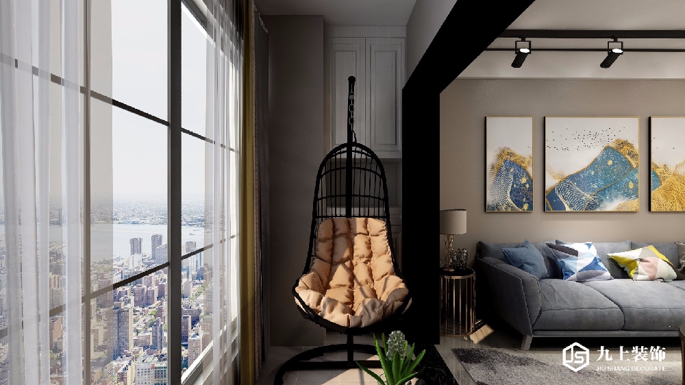 為了滿足客戶對生活品質的要求。陽臺采用大落地窗,視野開過,光線充足。配以獨立的吊椅,愜意無比。喝茶,聊天,午休,賞景,自由自在。
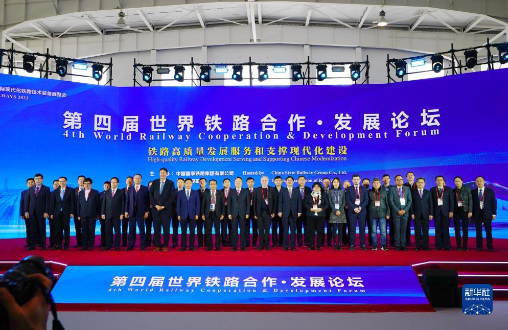 11月14日,參加第四屆世界鐵路合作·發展論壇的嘉賓在合影留念。
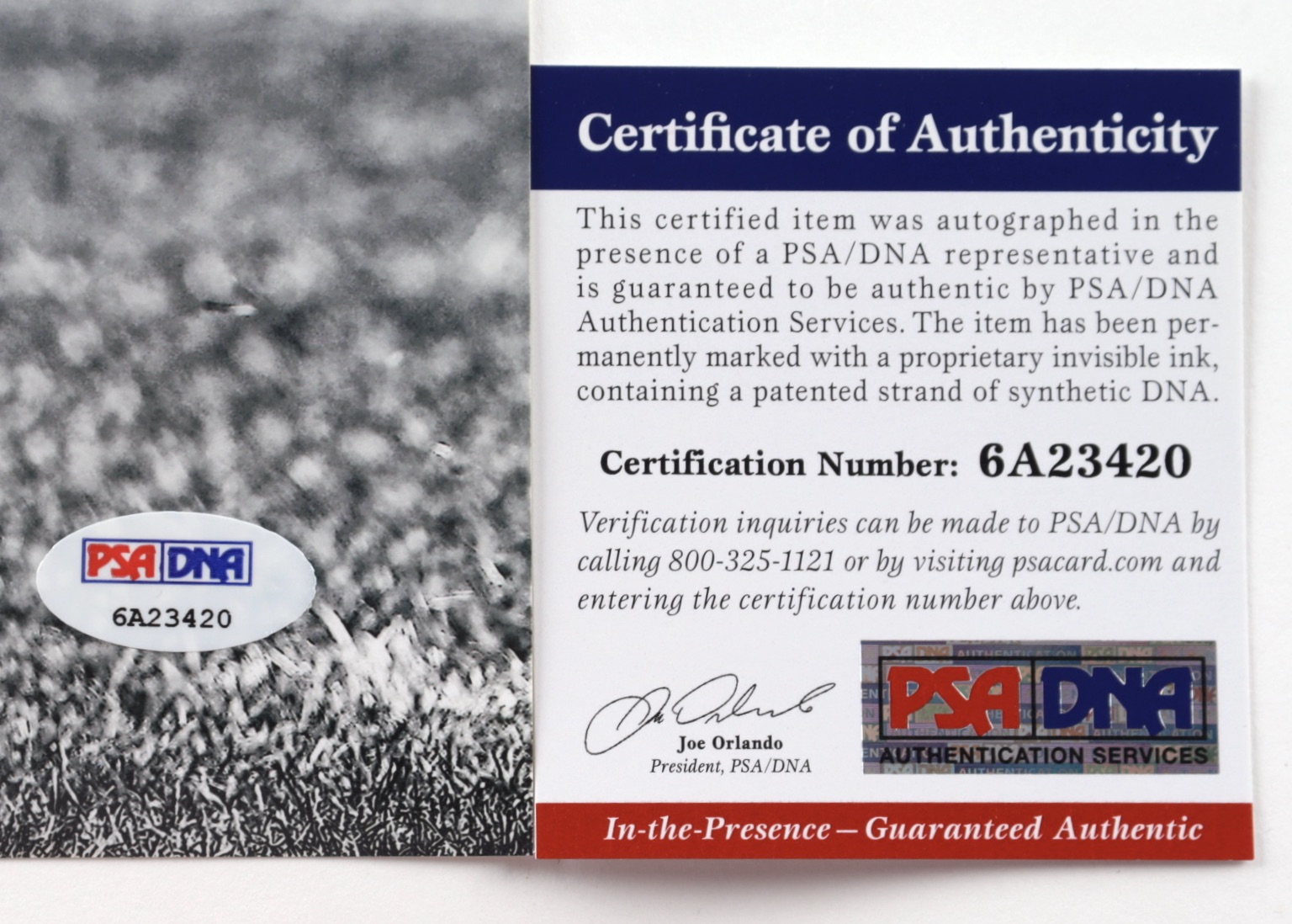 The lot / autograph(s) includes an official PSA/DNA hologram and matching COA for authenticity purposes. The signing of this item was witnessed by PSA.
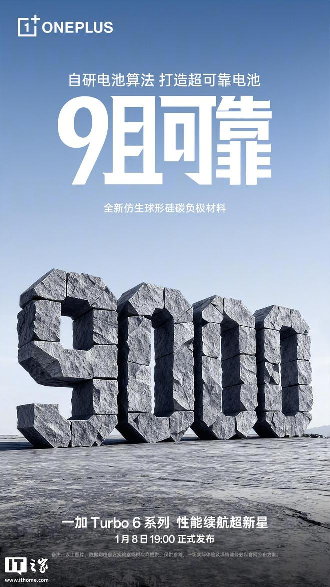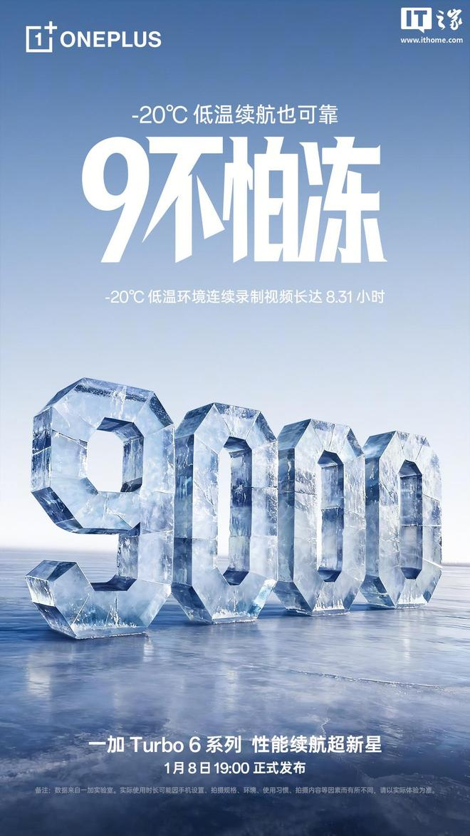 1 月 5 日消息,一加手机官方宣布,一加 Turbo 6 系列新机将配备 9000mAh 大电池,宣称拥有五年耐用电池健康,可在-20℃ 下低温环境正常使用。
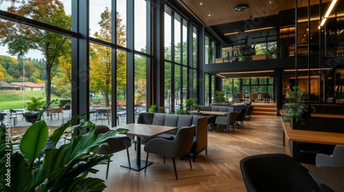 A modern co-working space with modern furniture, high ceilings and large glass windows offering stunning views
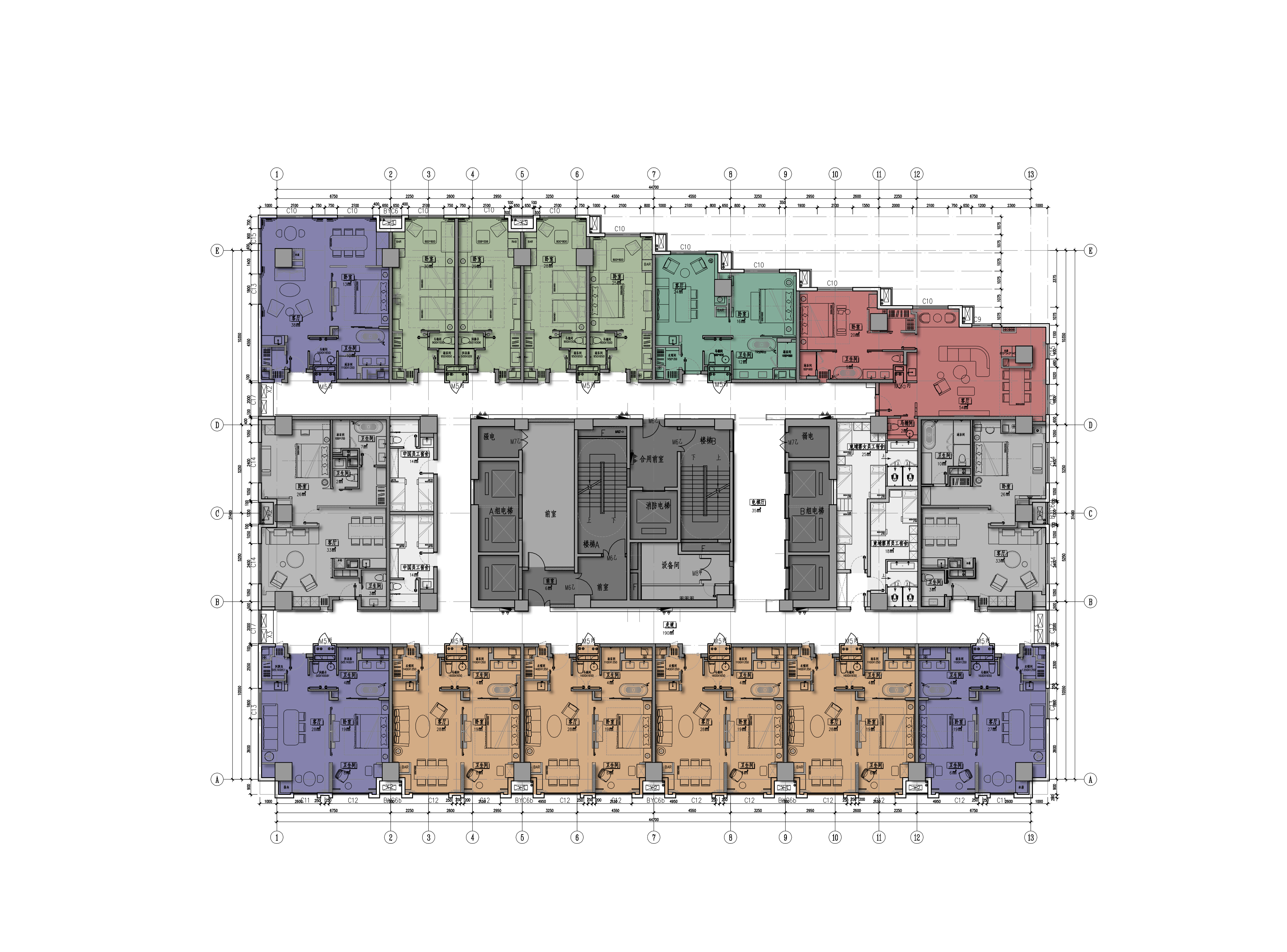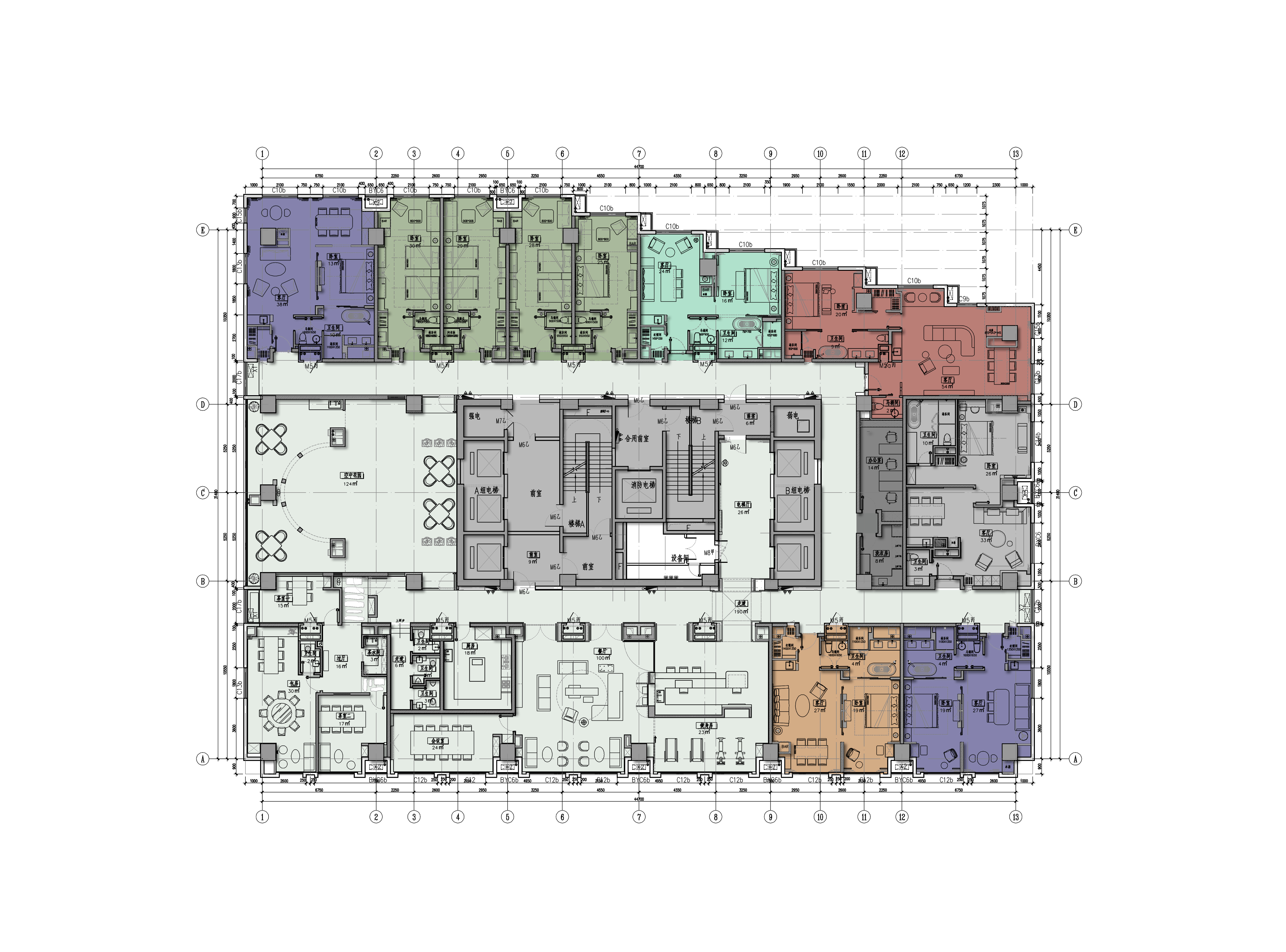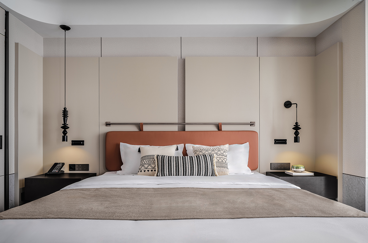 空间布局:25间客房灵活多变,融合中国六大古典建筑派别精髓,实现睡眠、办公与社交功能自由切换。各派客房以结构、色彩与文化符号为灵感,营造多样风格体验,体现空间功能与美学的统一。
+-------+
What is expected: Without any pictures, please reproduce the full set of entries.

Result:
 為了滿足客戶對生活品質的要求。陽臺采用大落地窗,視野開過,光線充足。配以獨立的吊椅,愜意無比。喝茶,聊天,午休,賞景,自由自在。
 11月14日,參加第四屆世界鐵路合作·發展論壇的嘉賓在合影留念。
 The lot / autograph(s) includes an official PSA/DNA hologram and matching COA for authenticity purposes. The signing of this item was witnessed by PSA.
 1 月 5 日消息,一加手机官方宣布,一加 Turbo 6 系列新机将配备 9000mAh 大电池,宣称拥有五年耐用电池健康,可在-20℃ 下低温环境正常使用。
 A modern co-working space with modern furniture, high ceilings and large glass windows offering stunning views
 空间布局:25间客房灵活多变,融合中国六大古典建筑派别精髓,实现睡眠、办公与社交功能自由切换。各派客房以结构、色彩与文化符号为灵感,营造多样风格体验,体现空间功能与美学的统一。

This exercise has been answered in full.